Problem description →
The answer must reproduce every record exactly, with all pictures omitted.

[Records from a data source]
┌────────
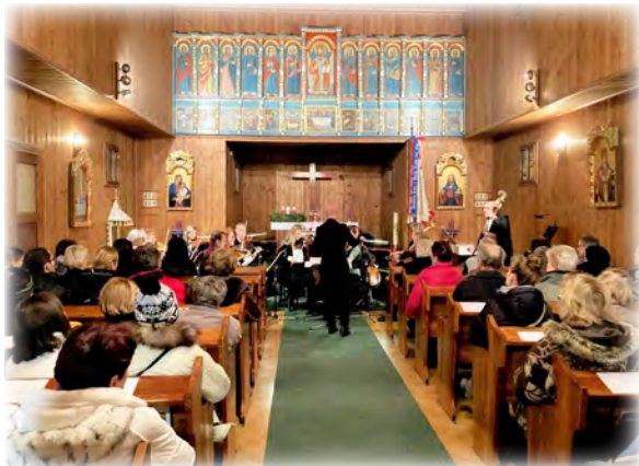
Vzpomínka na jeden z koncertů – v neděli 11. prosince 2022 účinkoval Komorní orchestr města Blanska
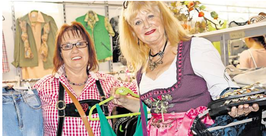
Kundinnen und Kunden finden bei „allerhand nUETZELiches“ eine große Auswahl ganz unterschiedlicher Kleidung.

Damit haben die Gäste die Gelegenheit, außerhalb der regulären Öffnungszeiten ganz in Ruhe in den Auslagen zu stöbern. Und das wird sich lohnen, denn die
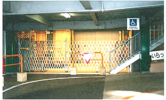
ロングドアLL 4.0m×2 (両開き仕様・本設柱に取付)
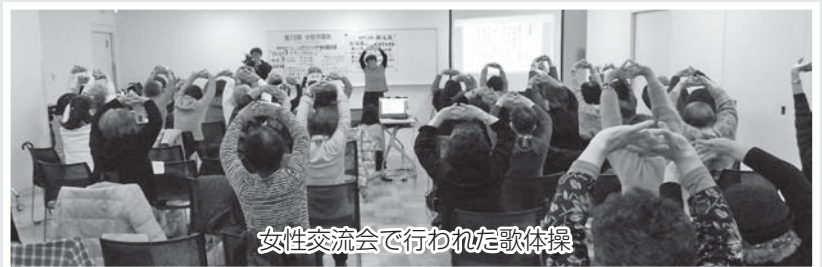
女性交流会で行われた歌体操
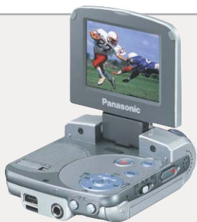
Комбинированное устройство «четыре в одном»: крошечный «микрокомбайн» SV-AV30 фирмы Panasonic объединяет в себе цифровую фотоаппарат, видеокамеру, MP3-плеер и видеопроектор.
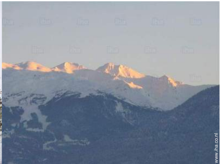
uitzicht vanaf het terras
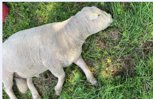
Anifail yn methu codi

Darganfyddwch fwy o wybodaeth a sut i adrodd am y tafod glas drwy ymweld www.gov.wales/bluetongue
└────────
Exercise response →
Vzpomínka na jeden z koncertů – v neděli 11. prosince 2022 účinkoval Komorní orchestr města Blanska
Kundinnen und Kunden finden bei „allerhand nUETZELiches“ eine große Auswahl ganz unterschiedlicher Kleidung.

Damit haben die Gäste die Gelegenheit, außerhalb der regulären Öffnungszeiten ganz in Ruhe in den Auslagen zu stöbern. Und das wird sich lohnen, denn die
ロングドアLL 4.0m×2 (両開き仕様・本設柱に取付)
女性交流会で行われた歌体操
Комбинированное устройство «четыре в одном»: крошечный «микрокомбайн» SV-AV30 фирмы Panasonic объединяет в себе цифровую фотоаппарат, видеокамеру, MP3-плеер и видеопроектор.
uitzicht vanaf het terras
Anifail yn methu codi

Darganfyddwch fwy o wybodaeth a sut i adrodd am y tafod glas drwy ymweld www.gov.wales/bluetongue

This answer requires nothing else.